The Logic of Our Iran Sanctions
Accelerate them now.
Jan 3, 2011, Vol. 16, No. 16 • By REUEL MARC GERECHT AND MARK DUBOWITZ
Conversely, no one else in the region will believe that a deal that leaves Iranian uranium enrichment in place is anything other than a rout of the West. The “EU-3” nuclear negotiations with Iran are the most important diplomatic undertaking that Brussels has attempted. (France, Great Britain, and Germany have represented the EU in these talks.) The Europeans, like the Americans, like the United Nations Security Council, have stated repeatedly and clearly that uranium enrichment by Iran without a full accounting of its nuclear program and complete access by IAEA inspectors to Iran’s known and suspected nuclear facilities is “unacceptable.” Such an enrichment “compromise” now would most likely guarantee that the Saudis would remind the nuclear-armed Pakistanis that it’s time for a little brotherly, Sunni Muslim tech transfer. The odds that others—especially the Egyptians and Turks—will also start down the nuclear path aren’t small. And unless Benjamin Netanyahu and much of Jerusalem’s political elite are just bluffing, the countdown for an Israeli preventive strike starts when the West concedes uranium enrichment to the supreme leader and his Revolutionary Guards.

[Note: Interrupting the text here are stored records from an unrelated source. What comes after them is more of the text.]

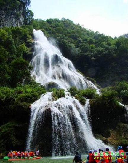 瀑布高200多米,上窄下寬,活似從天邊撒下的一具銀線網(wǎng)。是猛洞河最大的瀑布。它是一條水量豐富的小河,在此處突然失去河床的依托,水流飛奔直下,臨空跌落到底下的陡坡上,然后呈弧行展開,直飛到司河。此瀑布近觀滔滔、涸霧朦朧、凌空習(xí)墜、漫天飛珠,奔騰直下。流水傳說,這里原來沒有瀑布,只是一山石壁高聳藍(lán)天。壁下只有這具隋園形澄潭。古時(shí)候,潭中魚妖成群,作惡多端,其中一黑魚妖,每每掀翻船筏,攬人落水,以供餐食,據(jù)說在這里翻船破筏的人落水后沒有一個(gè)人能出來。人們苦叫這里為落水坑,年復(fù)一年,人們無奈,求上天保佑,于是玉皇派觀音下塵明查,查知黑魚作祟便揮手出線,招手成網(wǎng),一句咒語,黑魚妖落入網(wǎng)中,為了讓世人咄言黑魚,便將黑魚掛在石壁之上,遺臭萬年。觀音走后,魚網(wǎng)變成了這個(gè)大瀑,故名落水坑瀑布?,F(xiàn)遠(yuǎn)觀瀑布還可看到淹留在瀑內(nèi)的黑魚,隱隱約約在流水下閃動(dòng),那情景象是在緩緩向上游呢。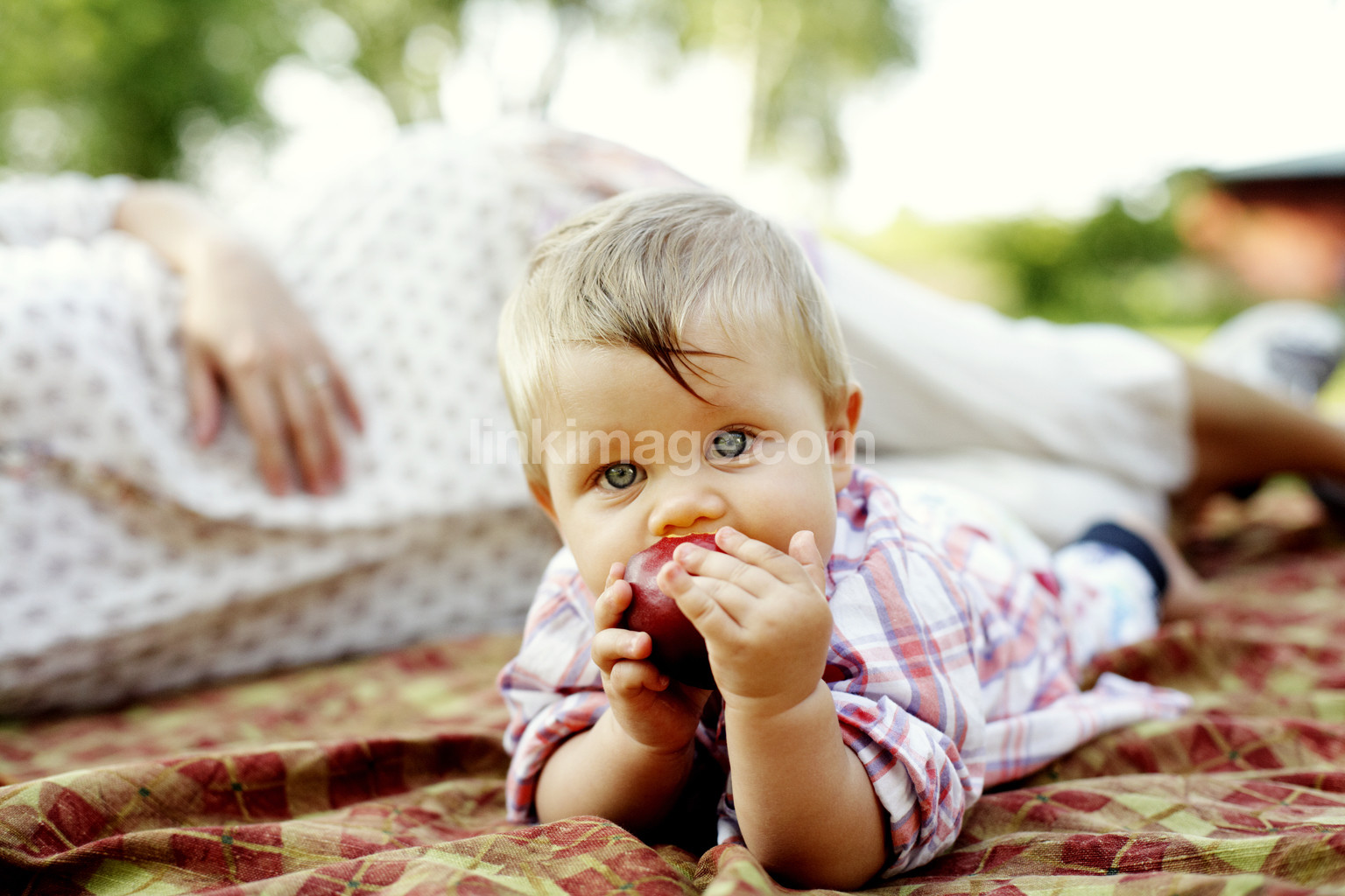 - children, baby, summer, eat, fruits, vitamins, nectarine, c, gaze, serious, enjoying, girl, face, food, good, mouth, eye, hold, grip, mother, blanket, garden, female, family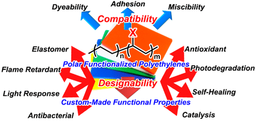 三、谭忱老师与中国科学技术大学陈昶乐教授合作,在高分子材料领域Nature Index期刊《Macromolecules》上发表Perspective文章。该文章在简要综述过渡金属催化的乙烯与极性单体共聚在催化剂性能、单体适用性等方面的研究进展的基础上,重点对配位共聚法功能化聚乙烯材料的性质研究的进展进行了综述与展望。我校谭忱老师(排名第一)和中科大邹陈博士后(排名第二)为共同第一作者,陈昶乐教授为通讯作者,安徽大学为第一单位。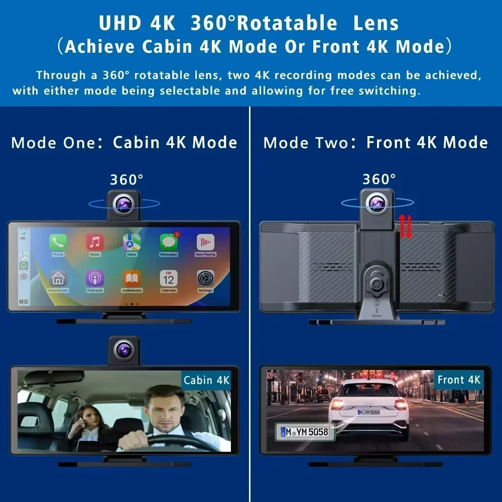 The front camera can rotate 360 °, and can record both inside and outside the car as well as the passenger seat

And third, such a deal politically offers Obama nothing. Many Democrats and most Republicans would pounce on him for agreeing to “monitored” Iranian enrichment, which would likely collapse before American negotiators could fly home. The U.S.-led sanctions regime has shown that Washington can still have a significant impact on the Islamic Republic’s economy and politics (the foreign minister just got fired, and to minimize the impact of sanctions, the regime is cutting gasoline subsidies, which will either save the treasury billions or lead to crushing inflation). The near-miraculous attack of the centrifuge-destroying Stuxnet virus has bought the administration time and further strengthened those who want to use sticks to stop Khamenei’s nuclear aspirations.
In Washington, an unrelenting sanctions logic has developed. It has also anchored itself in Ottawa and jumped the Atlantic and the Pacific. United Nations Security Council resolution 1929 has been much more powerful than the three resolutions before it because the Europeans, the Japanese, and the South Koreans have chosen to interpret it more aggressively than they have in the past. The trick for Washington now is how to ratchet up significantly the pain in Tehran while encouraging our allies to continue to do more than they’d originally thought possible. The administration may be right (though we remain skeptical): As long as the Americans, the Europeans, and some of the big Asian players are voluntarily implementing more and more sanctions, the cumulative effect may be a punishing tidal wave, which any transgressions by the Chinese, Russians, and our allies are powerless to stop. Washington needs an incremental approach—implemented rapidly—that does not spook the oil markets and that allows for the market and increasing oil supplies from Iran’s competitors to dull the effect of less Iranian crude being traded. We need to continue to invest the Europeans in the project, allowing them to own, as they have since 2003, negotiations with the Islamic Republic.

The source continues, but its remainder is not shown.